A nice idea, but the two times I've attempted it failed through player apathy,
is to give each player/country a terrain budget. e.g. the master map will be
on hexagon paper. Each player gets a sheet & designs his country.
What goes onto (or in the case of rivers alongside) the hex costs.
Barren desert = quarter of a point, City= 20 pts, Mountains =5pts.
Rivers = 1pt per hex side. Good roads = 2pts per hex. & so on.
Player a) is Greek Hoplite based, so has several cities, lots of mountainous
terrain (clear hex between = pass) Rivers, & good roads.
Therefore his country is relatively small.
Player b) is Nomadic Arab based, so lots & lots of barren desert, no cities,
roads or rivers, but the occasional oasis. Result is that his country covers
a lot of map hexes.
Once the players hand their maps to the umpire the fun begins.

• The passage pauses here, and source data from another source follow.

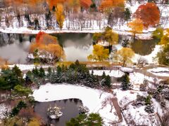 ホテル24階 日本料理「和乃八窓庵」から眺める、秋の中島公園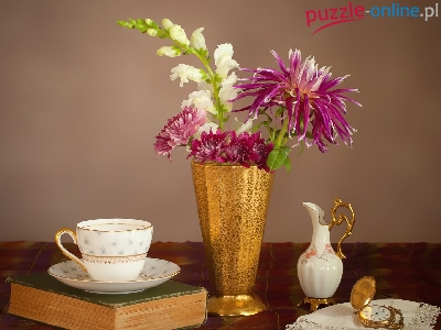 Astry, Kwiaty, Filiżanka, Książka, Serwetka, Zegarek, Kompozycja, Wazon, Dzbanuszek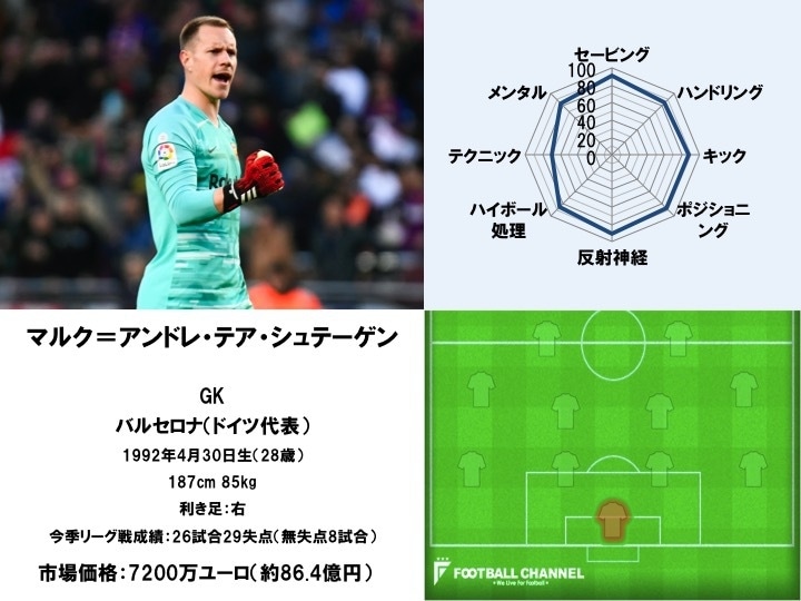 今季にはクラブ通算200試合出場を達成したマルク=アンドレ・テア・シュテーゲンは、驚異的な「セービング」で幾度となくチームを救ってきた。「反射神経」の良さはピカイチで、その長い手足を活かして難しいコースへのシュートも確実にストップ。とくに相手のいない場所、あるいはピッチの外へボールを弾き出す能力が非常に高く、敵に二次攻撃のチャンスを与えないのが魅力的。ハンドリングエラーが少ないのも評価できるポイントだ。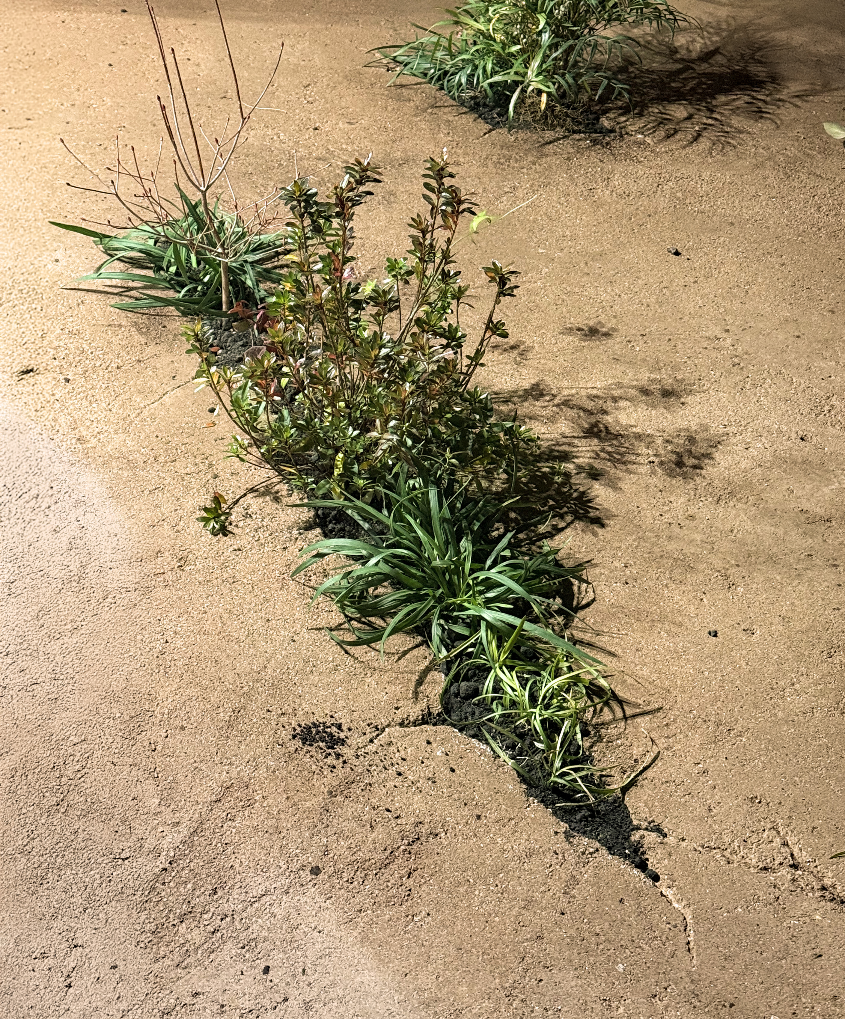 屋外スペースには植栽を施して緑を増やし、植物や土塊を活かした作品を公開中。日没後に現れる作品もあります。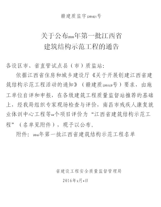 由南昌市第二建筑工程公司承建的郭家莊B地塊棚戶區(qū)改造項(xiàng)目(安置房)5#、6#、7#、8#樓及地下車(chē)庫(kù)工程獲“2016年第一批江西省建筑結(jié)構(gòu)示范工程” [摘自贛建質(zhì)監(jiān)字[2016]1號(hào)]。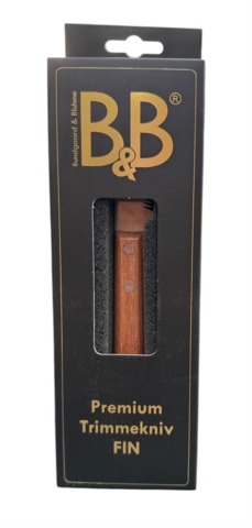 B&B Premium Trimmekniv - fin er som skabt til finish trim og præcisionsarbejde. Her får du en trimmekniv, som er udviklet og specialdesignet af professionelle hundefrisører. En trimmekniv som ligger utroligt godt i hånden, og som ikke skærer pelsen. Med en vægt på blot ca. 20 gram, er den særdeles behagelig at bruge, selv over længere tid.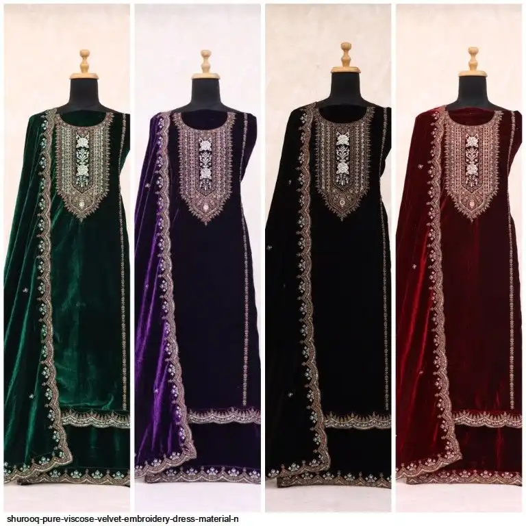 Pure viscose velvet embroidery collection with velvet fancy dupatta

1) mess around with the countries (I used blue-tac ) until 'happy'
Players don't decide which way up their country is.
2) There will be gaps between the countries, well this isn't a jig-saw puzzle.
The gaps get filled with:-
Mountain ranges, thick forests, seas, even 'independent' little countries.
If the umpire wants he can stretch a players country for a better fit, but
I never needed to.
3) Either give players an accurate master map, or one based on what they
are likely to know, and play the campaign.
As I said, I failed twice to get this off the ground, but I did have fun with it.